Observable bound for Gaussian illumination

TL;DR

This paper introduces observable bounds for Gaussian illumination to optimize signal-to-noise ratio in target detection, demonstrating quantum and classical regimes with different measurement strategies and performance limits.

Contribution

It derives observable bounds for Gaussian illumination and compares quantum and classical measurement strategies, highlighting their performance and implementation challenges.

Findings

Quantum regime receiver outperforms other feasible receivers.

Observable bounds are achieved with mode-by-mode measurements.

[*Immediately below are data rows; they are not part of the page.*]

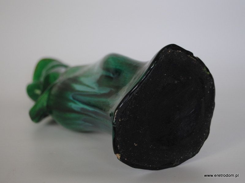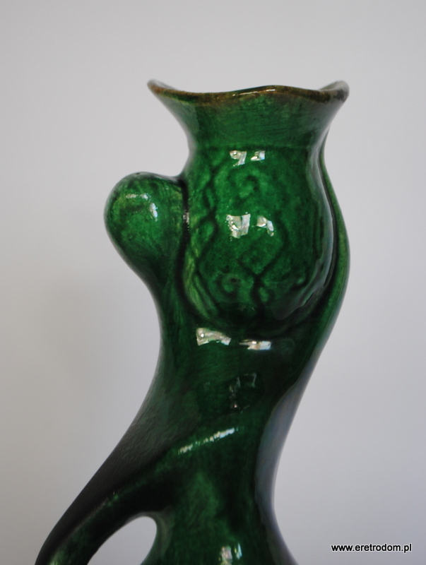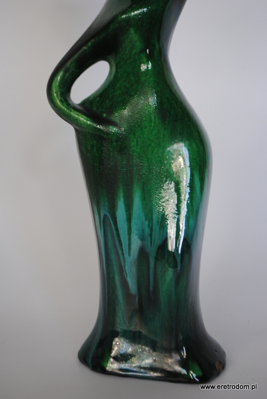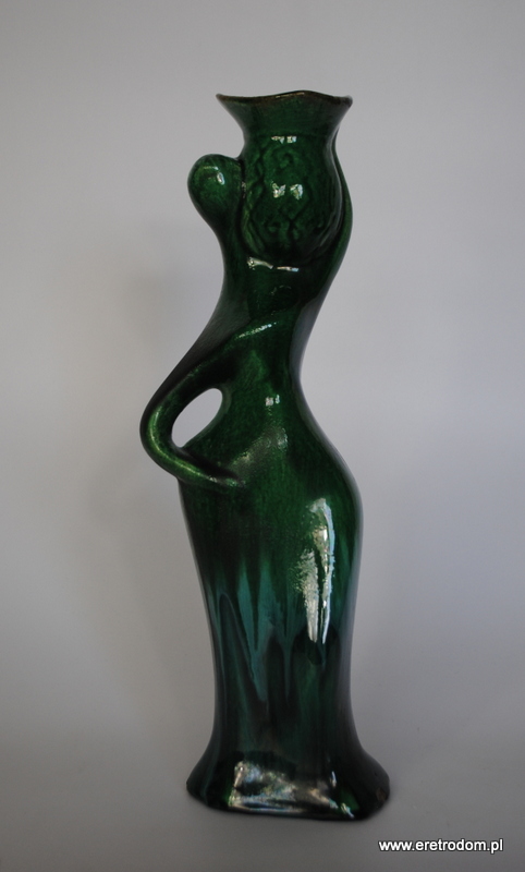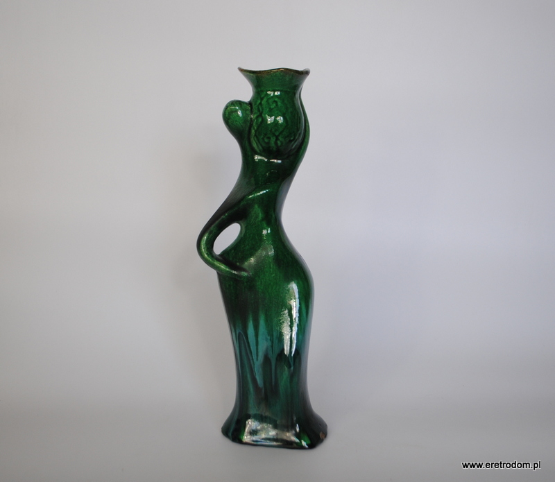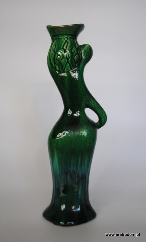 Świecznik figuralny „Kobieta z dzbanem” proj. Dionizy Strzelbicki, Ceramika Krakowska (II poł. XXw.). Ciekawa forma kobiety z koszem, ładne, zielone szkliwienie.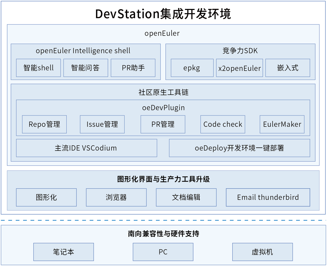 完整开发工具链:openEuler DevStation 是专为开发者设计的 Linux 桌面发行版,聚焦简化开发流程与生态兼容性,为开发者提供更加高效、安全且适应复杂场景的开发体验。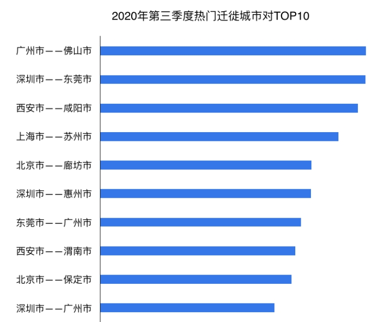 百度地图热门迁徙城市数据显示,广州和佛山之间的出行需求排在全国第一位,深圳和东莞排在第二位,西安和咸阳排在第三位。
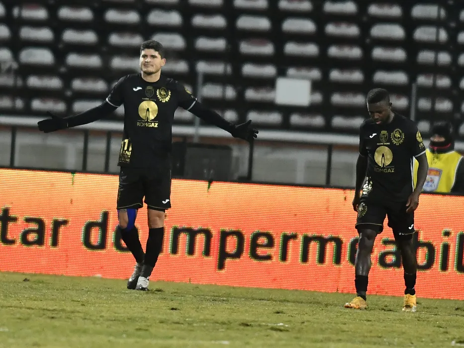Jefferson Yuri De Sousa Matias si Bryan Alceus in meciul de fotbal dintre Dinamo Bucuresti si Gaz Metan Medias, contand pentru Liga 1 Casa Pariurilor, desfasurat fara spectatori pe Stadionul Dinamo din Bucuresti, miercuri 27 ianuarie 2021. © FOTO:Razvan Pasarica/SPORT PICTURES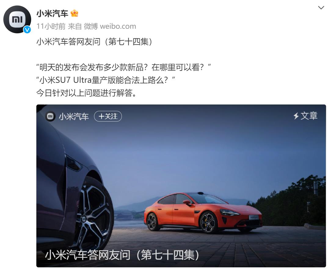 【環球網科技綜合報道】10月29日消息,小米汽車昨日晚發佈答網友問,詳細介紹了即將發佈的SU7 Ultra量產版車型,並解答了關於其定位、賽用碳陶瓷制動盤、絞牙減振器等相關問題。
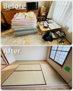 お母様が札幌市内の施設に入ることになり、お住まいになられていた江別市の住居内全ての家財道具の整理と搬出のご依頼でした。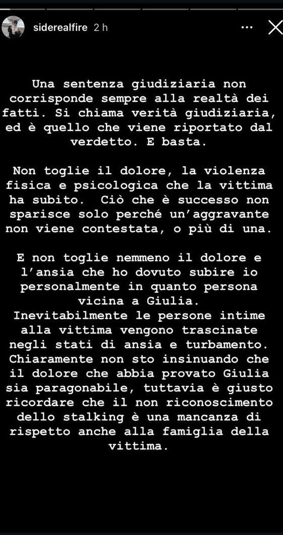 "Quello che subisci in vita te lo gestisci da sola. Quante donne non potranno mettersi in salvo dal loro aguzzino se nemmeno nei casi più palesi non viene riconosciuta una colpa. Però va bene con le frasi melense il 25 novembre e i dépliant di spiegazione" continua Elena Cecchettin. "Ciò che è successo non sparisce solo perché un'aggravante non viene contestata, o più di una. E non toglie nemmeno il dolore e l'ansia che ho dovuto subire io personalmente in quanto persona vicina a Giulia. Inevitabilmente le persone intime alla vittima vengono trascinate negli stati di ansia e turbamento. Chiaramente non sto insinuando che il dolore che abbia provato Giulia sia paragonabile, tuttavia è giusto ricordare che il non riconoscimento dello stalking è una mancanza di rispetto anche alla famiglia della vittima".

Classical regime receiver approaches the bound with photon number difference measurement.

Abstract

We propose observable bounds for Gaussian illumination to maximize the signal-to-noise ratio, which minimizes the discrimination error between the presence and absence of a low-reflectivity target using Gaussian states. The observable bounds are achieved with mode-by-mode measurements. In the quantum regime using a two-mode squeezed vacuum state, our observable receiver outperforms the other feasible receivers whereas it cannot approach the quantum Chernoff bound. The corresponding observable cannot be implemented with heterodyne detections due to the additional vacuum noise. In the classical regime using a thermal state, a receiver implemented with a photon number difference measurement approaches its bound regardless of the signal mean photon number, while it asymptotically approaches the classical bound in the limit of a huge idler mean photon number.